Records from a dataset
——

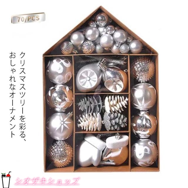 ■おしゃれ 70個セット オーナメント セット ボール おしゃれ アソート 飾り 雪ダルマ スノーフレーク クリスマスツリー トナカイ クリスマ
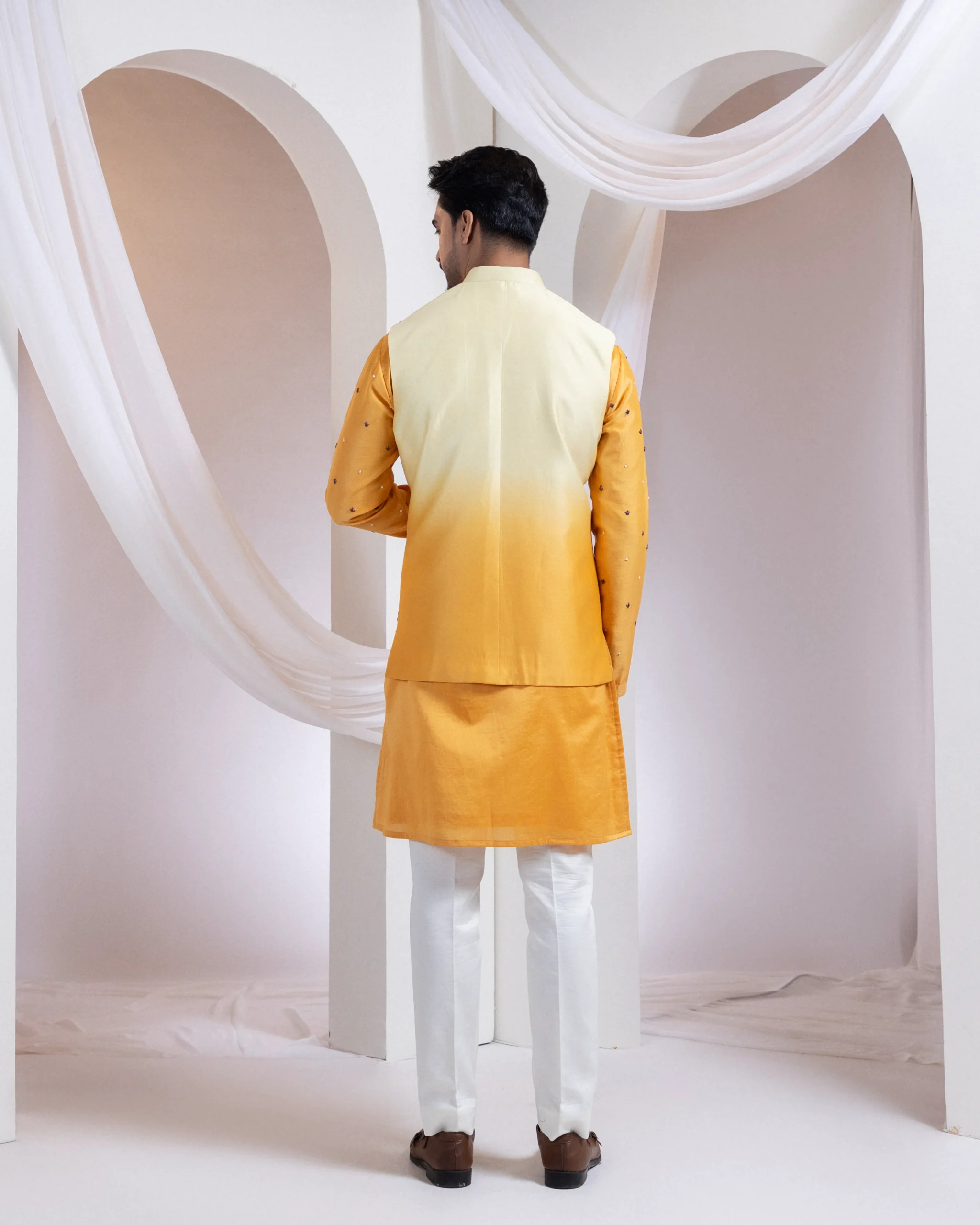 Complete the look with tan or classic brown mojaris and a sleek watch for a sophisticated festive presence. Keep accessories minimal to let the ombré jacket and textured kurta stand out, ensuring a refined statement at celebratory and semi-formal gatherings.
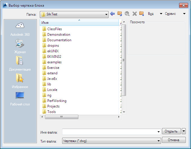 Отображает список блоков, содержащихся в выбранном чертеже.
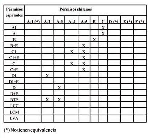 TABLA DE EQUIVALENCIAS ENTRE LOS PERMISOS ESPAÑOLES Y CHILENOS
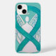 Le coque iphone d'ange gardien présente l'art d'une peinture d'ange à ruban vert turquoise de conscience. Le ruban vert turquoise est le support de l'agoraphobie, des troubles anxieux, des troubles identitaires dissociatifs, des allergies alimentaires, du syndrome X fragile, du syndrome de Myasthénie Gravis, du trouble obsessionnel-compulsif, du cancer de l'ovaire, du cancer du col utérin, des troubles de la panique ou du stress (SSPT), du syndrome ovarien polykystique, des reins polykystiques, des maladies sexuelles, abus sexuels, Agression, toxicomanie, maladie de la bataille et syndrome de la tourette (TS). Le coque iphone d'art turquoise de l'ange de sensibilisation verte peut être customisé de messages personnalisés pour faire des cas de cause pour les collecteurs de fonds, des cadeaux de sensibilisation, ou d'autres événements ou occasions spéciales.
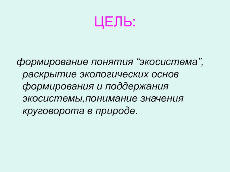 ЦЕЛЬ: формирование понятия “экосистема”, раскрытие экологических основ формирования и поддержания экосистемы,понимание значения круговорота в природе.
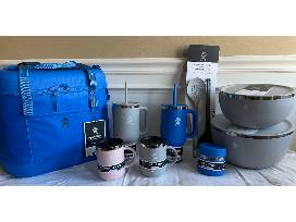 This wonderful Hydro Flask Bundle contains an assortment of Hydro Flask items including: a 20L soft cooler, 2 - 32oz Travel Tumblers, 2 - 12oz Coffee Mugs, a 5 qt Bowl with Lid, a 3 qt Bowl with Lid, Serving Spoons, and an 8oz Food Jar.
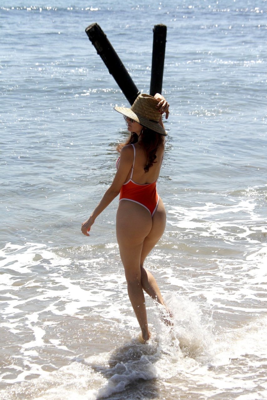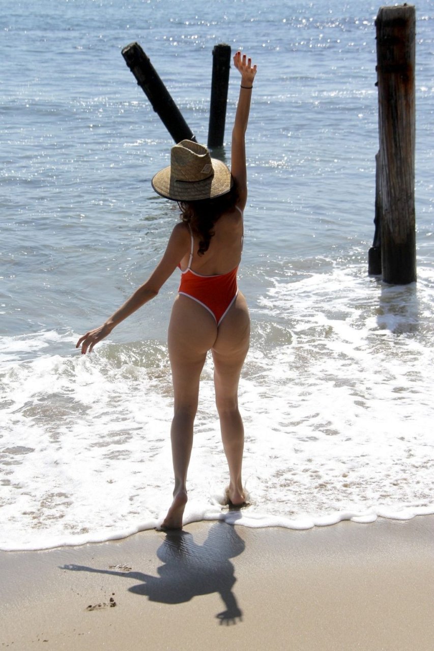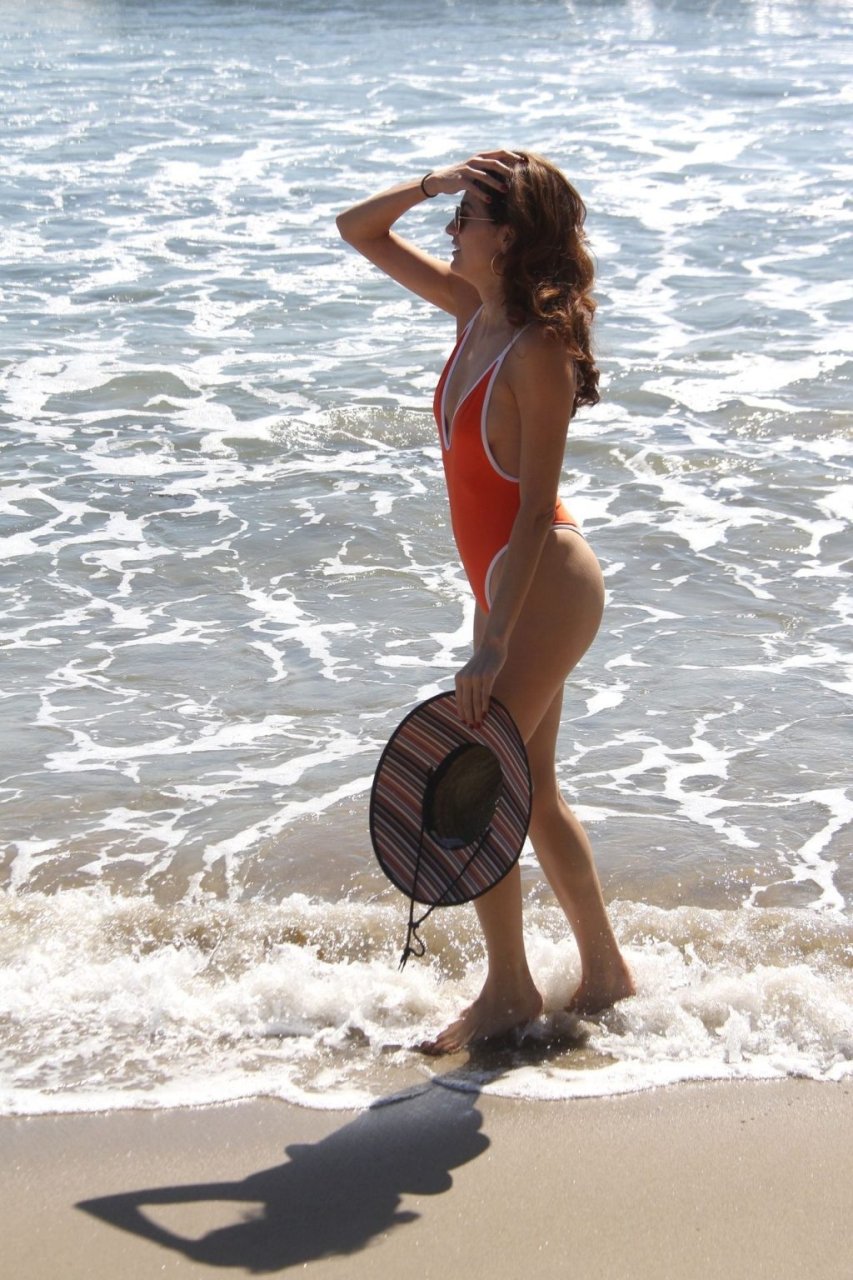 Atriz Blanca Blanco está deslumbrante em um maiô laranja sexy enquanto faz uma longa caminhada na praia em Malibu, 10/10/2019.

——

Omit the pictures, then set down all the remaining data exactly as given.

 ■おしゃれ 70個セット オーナメント セット ボール おしゃれ アソート 飾り 雪ダルマ スノーフレーク クリスマスツリー トナカイ クリスマ
 Complete the look with tan or classic brown mojaris and a sleek watch for a sophisticated festive presence. Keep accessories minimal to let the ombré jacket and textured kurta stand out, ensuring a refined statement at celebratory and semi-formal gatherings.
 Отображает список блоков, содержащихся в выбранном чертеже.
 TABLA DE EQUIVALENCIAS ENTRE LOS PERMISOS ESPAÑOLES Y CHILENOS
 Le coque iphone d'ange gardien présente l'art d'une peinture d'ange à ruban vert turquoise de conscience. Le ruban vert turquoise est le support de l'agoraphobie, des troubles anxieux, des troubles identitaires dissociatifs, des allergies alimentaires, du syndrome X fragile, du syndrome de Myasthénie Gravis, du trouble obsessionnel-compulsif, du cancer de l'ovaire, du cancer du col utérin, des troubles de la panique ou du stress (SSPT), du syndrome ovarien polykystique, des reins polykystiques, des maladies sexuelles, abus sexuels, Agression, toxicomanie, maladie de la bataille et syndrome de la tourette (TS). Le coque iphone d'art turquoise de l'ange de sensibilisation verte peut être customisé de messages personnalisés pour faire des cas de cause pour les collecteurs de fonds, des cadeaux de sensibilisation, ou d'autres événements ou occasions spéciales.
 ЦЕЛЬ: формирование понятия “экосистема”, раскрытие экологических основ формирования и поддержания экосистемы,понимание значения круговорота в природе.
 This wonderful Hydro Flask Bundle contains an assortment of Hydro Flask items including: a 20L soft cooler, 2 - 32oz Travel Tumblers, 2 - 12oz Coffee Mugs, a 5 qt Bowl with Lid, a 3 qt Bowl with Lid, Serving Spoons, and an 8oz Food Jar.
 Atriz Blanca Blanco está deslumbrante em um maiô laranja sexy enquanto faz uma longa caminhada na praia em Malibu, 10/10/2019.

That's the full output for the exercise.